Fig. 3 A illustrates a kind of possible Displacements Distribution of the axial oscillation that is driven end wall 22 of explanation cavity 16.Solid-line curve and arrow are illustrated in a time point place and are driven the displacement of end wall 22, and empty short tracing represents to be driven after half period the displacement of end wall 22.So the displacement shown in figure and other figure is exaggerated.Because actuator 40 is not arranged on its periphery rigidly, but is hung by spacer 30, therefore actuator 40 with its basic model around its barycenter free-oscillation.In this basic model, the amplitude of the Displacement Oscillation of actuator 40 is zero at ring-type displacement node 42 places substantially, and this ring-type displacement node 42 is being driven between end wall 22 center and sidewall 18.On end wall 22, the amplitude of the Displacement Oscillation at other some places is greater than zero, as represented by vertical arrows.A center displacement antinode 43 is present near actuator 40 center, and a peripheral displacement antinode 43' is present near the periphery of actuator 40.The center displacement antinode 43 is represented by dash curve after half period.
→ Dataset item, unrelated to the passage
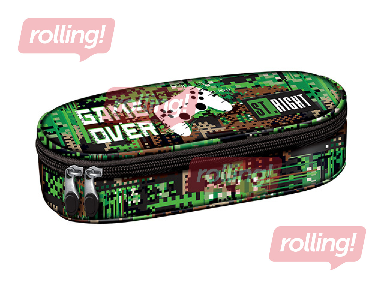 Penālis ar vienu ietilpīgu galveno nodalījumu un papildu atloku ar vietu rakstāmpiederumiem un kabata ar rāvējslēdzēju.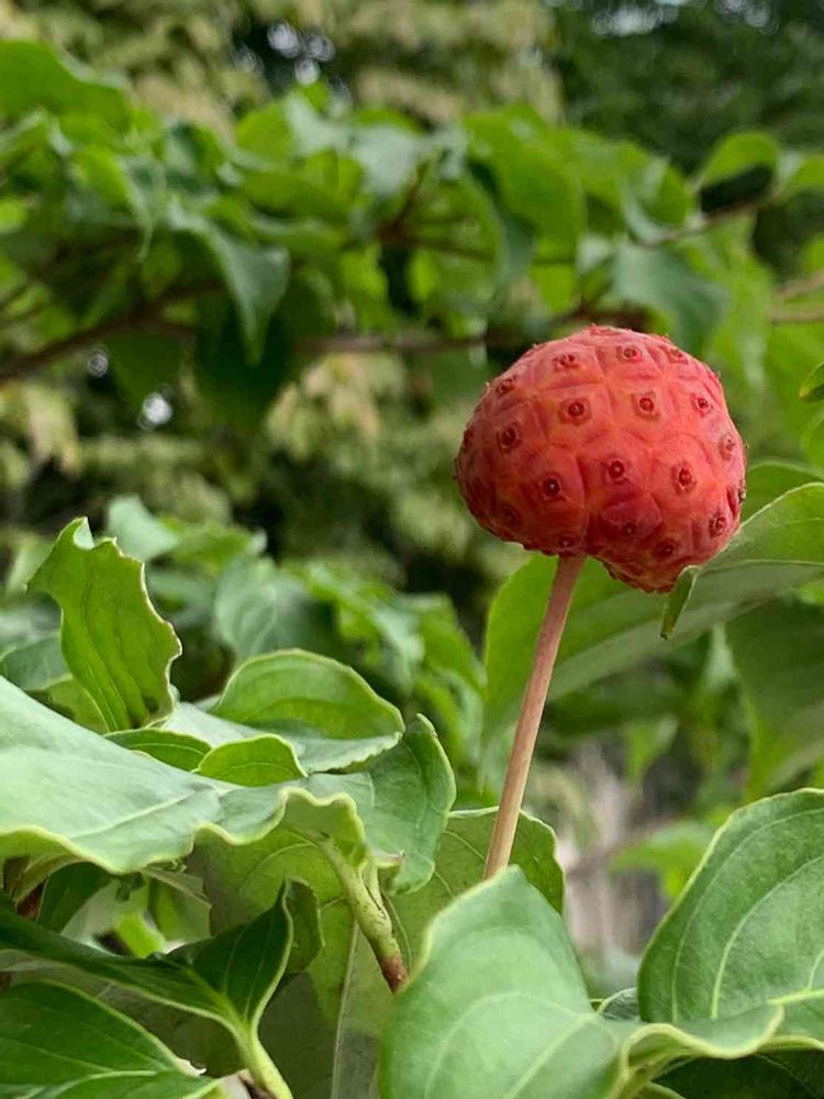 ヤマボウシの実、食べれるそうで甘味の少ない洋梨、真ん中に種があるそうです(ユーザーさんに教えていただきました)

Fig. 3 B illustrates that a kind of possible pressure oscillation distributes, the pressure oscillation that its explanation is vibrated in the cavity 16 causing because of the axial displacement shown in Fig. 3 A.Full curve and arrow are illustrated in the pressure at a time point place.In this pattern with more in higher order mode, the amplitude of pressure oscillation has a peripheral pressure antinode 45' of the sidewall 18 of close cavity 16.Circular pressure node 44 places of the amplitude of pressure oscillation between center pressure antinode 45 and peripheral pressure antinode 45' are zero substantially.Meanwhile, as the amplitude of the pressure oscillation being illustrated by the broken lines there is negative center pressure antinode 47 and a peripheral pressure antinode 47 ' and an identical circular pressure node 44 near cavity 16 center.For a cylindrical cavity, in cavity 16, the Radial correlation of the amplitude of pressure oscillation can be similar to by a kind of first kind Bessel function.Moving radially of the fluid that above-mentioned pressure oscillation results from cavity 16, and therefore will be called as " the radial pressure vibration " of the fluid in cavity 16, to be different from the axial displacement vibration of actuator 40.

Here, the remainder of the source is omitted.